Revenue from rendering of services is recognized on when the services are rendered and related cost are incurred over time by measuring the progress towards complete satisfaction of performance obligations at the reporting period.
Revenue is measured at the amount of consideration which the Company expects to be entitled to in exchange for transferring distinct goods or services to a customer as specified in the contract, excluding amounts collected on behalf of third parties (for example taxes and duties collected on behalf of the government). Consideration is generally due upon satisfaction of performance obligations and a receivable is recognised when it becomes unconditional.
Export incentive revenues are recognized when the right to receive the credit is established and there is no significant uncertainty regarding the ultimate collection.
Interest Income from a Financial Assets is recognised using effective interest rate method. And it is recognized on time proportion basis taking into account the amount outstanding and rate applicable.
Dividend Income is recognised when the Company''s right to receive the amount has been established.
Surplus / (Loss) on disposal of Property, Plants and Equipment / Investments
Surplus or loss on disposal of property, plants and equipment or investment is recorded on transfers of title from the Company, and is determined as the difference between the sales price and carrying value of the property, plants and equipment or investments and other incidental expenses.
Rental income arising from operating lease on investments properties is accounted for on a straight - line basis over the lease term except the case where the incremental lease reflects inflationary effect and rental income is accounted in such case by actual rent for the period.
Claim receivable on account of insurance is accounted for to the extent the Company is reasonably certain of their ultimate collections.
Revenue from other income is recognized when the payment of that related income is received or credited.
1.3.12 Foreign Currency Transactions and Translation
Transactions in foreign currencies are recorded at the exchange rate prevailing on the date of transaction. Monetary assets and liabilities denominated in foreign currencies are translated at the functional currency closing rates of exchange at the reporting date. Exchange differences arising on settlement or translation of monetary items are recognised in Statement of Profit and Loss except to the extent of exchange differences which are regarded as an adjustment to interest costs on foreign currency borrowings that are directly attributable to the acquisition or construction of qualifying assets which are capitalised as cost of assets.
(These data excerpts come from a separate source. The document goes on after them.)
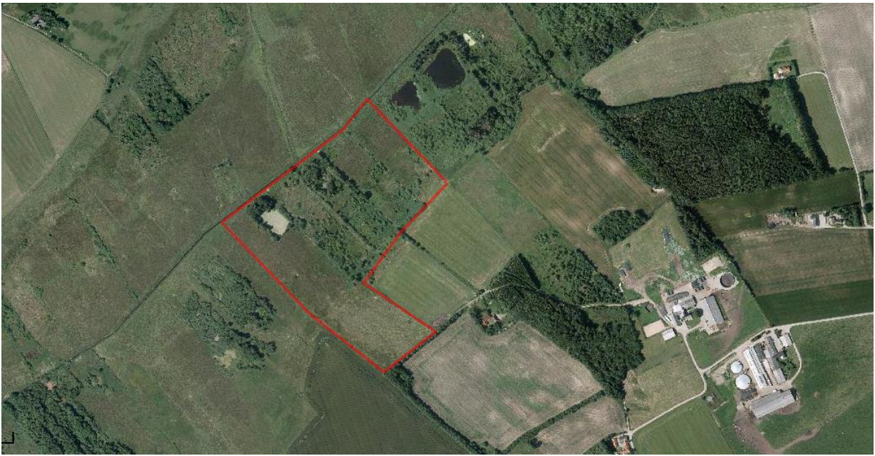
Kastbjerg Ådal 3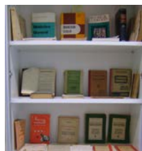
Foto 14. Libros de texto de Magisterio

En esta sección, también se muestran ordenadas cronológicamente, prensa y revistas especializadas con artículos escritos por maestros e inspectores. Entre las diversas publicaciones expuestas están varios números de Cuadernos de Pedagogía , Bordón , Vida escolar , publicada por CDODEP, y de Orientación Pedagógica , que era un boletín de la Inspección de Enseñanza Primaria.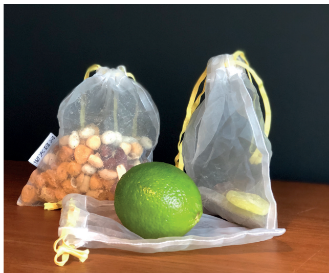
Lausvektspisar til handling og oppbevaring

Non-monetary items that are measured in terms of historical cost in a foreign currency are recorded using the exchange rates at the date of the transaction. Non-monetary items measured at fair value in a foreign currency are translated using the exchange rates at the date when the fair value was measured. The gain or loss arising on translation of non-monetary items measured at fair value is treated in line with the recognition of the gain or loss on the change in fair value of the item (i.e., translation differences on items whose fair value gain or loss is recognised in Other Comprehensive Income or Statement of Profit and Loss are also recognised in Other Comprehensive Income or Statement of Profit and Loss, respectively).
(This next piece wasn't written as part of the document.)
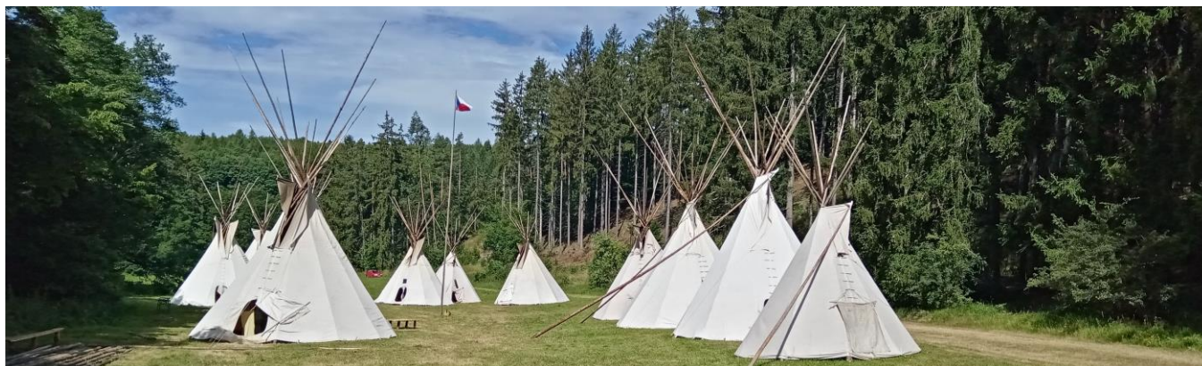
Foto č. 1 Stanový tábor

1.3.13 Government Grants and Subsidies
Grants in the nature of subsidies which are non-refundable are recognized as income where there is reasonable assurance that the Company will comply with all the necessary conditions attached to them. Income from grants is recognized on a systematic basis over periods in which the related costs that are intended to be compensated by such grants are recognized.
Refundable government grants are accounted in accordance with the recognition and measurement principle of Ind AS 109, "Financial Instruments". It is recognized as income when there is a reasonable assurance that the Company will comply with all necessary conditions attached to the grants. Income from such benefit is recognized on a systematic basis over the period of the grants during which the Company recognizes interest expense corresponding to such grants.
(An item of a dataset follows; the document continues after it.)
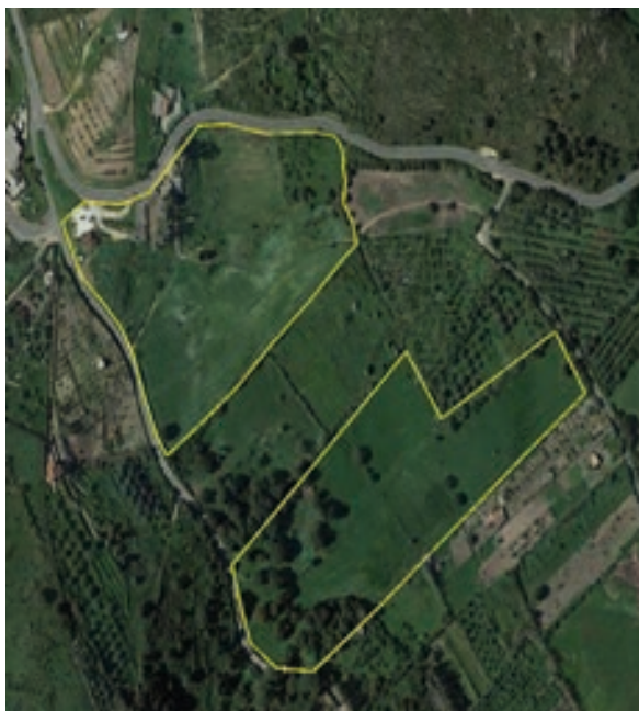
Figura 6. Mappa dell'azienda Arbus.

1.3.14 Financial Instruments - Financial Assets(A) Initial Recognition and Measurement
All Financial Assets are initially recognised at fair value. Transaction costs that are directly attributable to the acquisition or issue of Financial Assets, which are not at Fair Value Through Profit or Loss, are adjusted to the fair value on initial recognition. Purchase and sale of Financial Assets are recognised using trade date accounting.
a) Financial Assets measured at Amortised Cost (AC)
A Financial Asset is measured at Amortised Cost if it is held within a business model whose objective is to hold the asset in order to collect contractual cash flows and the contractual terms of the Financial Asset give rise to cash flows on specified dates that represent solely payments of principal and interest on the principal amount outstanding.
b) Financial Assets measured at Fair Value Through Other Comprehensive Income (FVTOCI)
A Financial Asset is measured at FVTOCI if it is held within a business model whose objective is achieved by both collecting contractual cash flows and selling Financial Assets and the contractual terms of the Financial Asset give rise on specified dates to cash flows that represents solely payments of principal and interest on the principal amount outstanding.
Further, the Company, through an irrevocable election at initial recognition, has measured certain investments in equity instruments at FVTOCI. The Company has made such election on an instrument-by-instrument basis. These equity instruments are neither held for trading nor are contingent consideration recognized under a business combination. Pursuant to such irrevocable election, subsequent changes in the fair value of such equity instruments are recognized in OCI. However, the Company recognizes dividend income from such instruments in the Statement of Profit and Loss.
c) Financial Assets measured at Fair Value Through Profit or Loss (FVTPL)
A Financial Asset which is not classified in any of the above categories is measured at FVTPL. Financial assets are reclassified subsequent to their recognition, if the Company changes its business model for managing those financial assets. Changes in business model are made and applied prospectively from the reclassification date which is the first day of immediately next reporting period following the changes in business model in accordance with principles laid down under Ind AS 109 - Financial Instruments.
Investments are classified in to Current or Non-Current Investments. Investments that are readily realizable and intended to be held for not more than a year from the date of acquisition are classified as Current Investments. All other Investments are classified as Non - Current Investments. However, that part of Non - Current Investments which are expected to be realized within twelve months from the Balance Sheet date is also presented under "Current Investments" under "Current portion of Non-Current Investments" in consonance with Current/Non-Current classification of Schedule - III of the Act.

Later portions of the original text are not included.